Repenser la mémoire virtuelle

D’après les chercheurs, les systèmes d’exploitation modernes reposent encore sur des principes de mémoire virtuelle conçus pour les premiers ordinateurs centraux. Ce mécanisme, qui garantit la sécurité et l’isolation des programmes, est devenu une source de lenteur dans les environnements de cloud computing à grande échelle.

Le projet Midgard a développé une nouvelle conception de la mémoire virtuelle, capable de gérer plus efficacement les accès mémoire et les contrôles de sécurité, tout en restant compatible avec les systèmes existants. Selon l’EPFL, cette approche hybride combine un support matériel intégré au processeur et une adaptation logicielle du système d’exploitation, ce qui accélère la vérification des accès tout en supprimant certaines opérations lentes. Elle ne nécessite aucune modification pour les développeurs et reste compatible avec les environnements Linux, Android, iOS/macOS et HarmonyOS.

Cette conception permettrait d’améliorer les performances internes des serveurs tout en réduisant la consommation énergétique.

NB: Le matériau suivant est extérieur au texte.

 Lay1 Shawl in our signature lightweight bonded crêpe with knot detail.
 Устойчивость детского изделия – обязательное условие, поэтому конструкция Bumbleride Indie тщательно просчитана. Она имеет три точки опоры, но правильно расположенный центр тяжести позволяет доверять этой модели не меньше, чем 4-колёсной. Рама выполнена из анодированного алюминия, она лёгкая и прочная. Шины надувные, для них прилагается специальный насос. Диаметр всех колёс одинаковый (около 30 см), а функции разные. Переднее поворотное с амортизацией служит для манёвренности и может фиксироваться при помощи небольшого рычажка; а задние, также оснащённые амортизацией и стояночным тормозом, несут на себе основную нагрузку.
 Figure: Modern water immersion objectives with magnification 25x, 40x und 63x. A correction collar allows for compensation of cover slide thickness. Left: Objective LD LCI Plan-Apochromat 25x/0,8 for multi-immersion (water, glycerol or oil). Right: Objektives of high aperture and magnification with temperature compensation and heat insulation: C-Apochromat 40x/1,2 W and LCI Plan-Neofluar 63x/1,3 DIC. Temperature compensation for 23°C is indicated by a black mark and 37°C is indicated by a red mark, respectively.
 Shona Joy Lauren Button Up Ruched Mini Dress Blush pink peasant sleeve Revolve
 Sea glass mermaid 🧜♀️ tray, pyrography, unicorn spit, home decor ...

Selon le professeur, la mémoire représente aujourd’hui «environ 50% du coût d’un serveur» et une large part de cette ressource reste inutilisée dans les centres de données.

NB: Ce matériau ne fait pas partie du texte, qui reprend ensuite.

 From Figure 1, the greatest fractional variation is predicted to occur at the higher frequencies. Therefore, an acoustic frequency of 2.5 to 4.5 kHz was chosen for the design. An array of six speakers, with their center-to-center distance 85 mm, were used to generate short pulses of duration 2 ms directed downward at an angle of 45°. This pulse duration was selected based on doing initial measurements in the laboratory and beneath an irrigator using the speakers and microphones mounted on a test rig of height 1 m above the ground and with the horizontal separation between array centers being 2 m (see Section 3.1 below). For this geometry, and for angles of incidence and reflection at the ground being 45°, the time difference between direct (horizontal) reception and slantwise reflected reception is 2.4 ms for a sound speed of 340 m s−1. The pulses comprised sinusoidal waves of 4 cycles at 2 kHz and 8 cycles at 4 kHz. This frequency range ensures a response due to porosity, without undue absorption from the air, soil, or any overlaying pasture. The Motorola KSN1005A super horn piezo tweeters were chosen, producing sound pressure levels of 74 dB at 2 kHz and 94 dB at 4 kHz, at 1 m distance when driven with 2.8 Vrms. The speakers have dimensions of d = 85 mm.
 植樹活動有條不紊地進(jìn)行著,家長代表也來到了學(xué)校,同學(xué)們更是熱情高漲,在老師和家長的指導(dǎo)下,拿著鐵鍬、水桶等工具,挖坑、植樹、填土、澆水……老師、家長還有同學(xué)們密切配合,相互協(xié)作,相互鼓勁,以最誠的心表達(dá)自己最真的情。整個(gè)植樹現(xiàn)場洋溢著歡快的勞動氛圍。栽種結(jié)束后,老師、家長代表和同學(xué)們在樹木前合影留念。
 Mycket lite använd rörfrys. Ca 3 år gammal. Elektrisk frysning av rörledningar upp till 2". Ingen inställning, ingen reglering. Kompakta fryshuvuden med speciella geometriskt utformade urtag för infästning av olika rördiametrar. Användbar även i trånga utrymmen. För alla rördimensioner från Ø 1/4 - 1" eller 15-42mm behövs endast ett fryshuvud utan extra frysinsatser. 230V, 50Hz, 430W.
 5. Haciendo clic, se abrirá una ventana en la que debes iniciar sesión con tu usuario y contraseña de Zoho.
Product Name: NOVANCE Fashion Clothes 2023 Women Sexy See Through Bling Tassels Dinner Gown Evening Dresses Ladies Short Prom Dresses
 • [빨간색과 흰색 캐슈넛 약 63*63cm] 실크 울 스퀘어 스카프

Application au Function-as-a-Service (FaaS)

L’EPFL indique que les résultats du projet ont été présentés lors du 52ᵉ Symposium international d’architecture informatique (ISCA 2025) à Tokyo. Les chercheurs y ont démontré l’application directe de Midgard au modèle Function-as-a-Service (FaaS), un paradigme de calcul utilisé par Amazon, Microsoft et Google.

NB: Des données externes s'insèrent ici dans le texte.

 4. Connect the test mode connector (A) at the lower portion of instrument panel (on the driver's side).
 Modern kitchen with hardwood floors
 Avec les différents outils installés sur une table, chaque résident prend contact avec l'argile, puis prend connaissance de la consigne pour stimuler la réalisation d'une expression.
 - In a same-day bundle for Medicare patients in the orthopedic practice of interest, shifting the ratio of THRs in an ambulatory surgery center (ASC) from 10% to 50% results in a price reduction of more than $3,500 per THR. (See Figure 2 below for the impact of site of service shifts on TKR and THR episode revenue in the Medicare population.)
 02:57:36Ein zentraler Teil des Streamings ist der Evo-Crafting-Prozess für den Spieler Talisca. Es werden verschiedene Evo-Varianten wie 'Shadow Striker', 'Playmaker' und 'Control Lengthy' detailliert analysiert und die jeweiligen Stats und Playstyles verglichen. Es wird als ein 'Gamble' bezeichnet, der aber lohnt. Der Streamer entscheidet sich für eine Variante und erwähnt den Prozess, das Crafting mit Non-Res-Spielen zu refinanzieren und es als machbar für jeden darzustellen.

Dans ce modèle, où chaque fonction logicielle est isolée pour des raisons de sécurité, la mémoire virtuelle classique devient un frein. Midgard introduit une isolation en mémoire gérée directement par le matériel, supprimant la nécessité d’appels système et réduisant les délais de traitement à la microseconde.

Cette intégration permet d’exécuter les fonctions cloud de type FaaS avec une isolation matérielle directe, sans passer par les couches logicielles classiques du système d’exploitation. Ce fonctionnement réduit drastiquement la latence et la consommation de ressources dans les environnements de serveurs, tout en maintenant la sécurité des processus, précise l'institution lausannoise.

Selon le communiqué, cette technologie permet de réduire les goulets d’étranglement liés à l’isolation mémoire. L’EPFL précise que les tests ont montré un débit deux fois supérieur aux solutions universitaires de référence, avec seulement 16% d’écart par rapport à un modèle non sécurisé.

Vers l’informatique à l’échelle du rack

L’équipe de recherche prévoit désormais d’étendre ces travaux à l’informatique à l’échelle du rack, où plusieurs serveurs fonctionneraient comme un seul ordinateur. Cette approche permettrait d’améliorer l’utilisation du matériel, notamment des GPU, dont près de 50 % seraient sous-utilisés dans les charges d’intelligence artificielle, selon un rapport de Microsoft cité par Babak Falsafi. «Nous essayons de créer des technologies qui aideront les opérateurs à utiliser leur matériel plus efficacement. C’est l’objectif qui nous motive», ajoute-t-il.

L’EPFL précise que Midgard se conclut sur plusieurs publications scientifiques, un démonstrateur interne et une présentation technique chez Intel. Une nouvelle phase de recherche est déjà envisagée.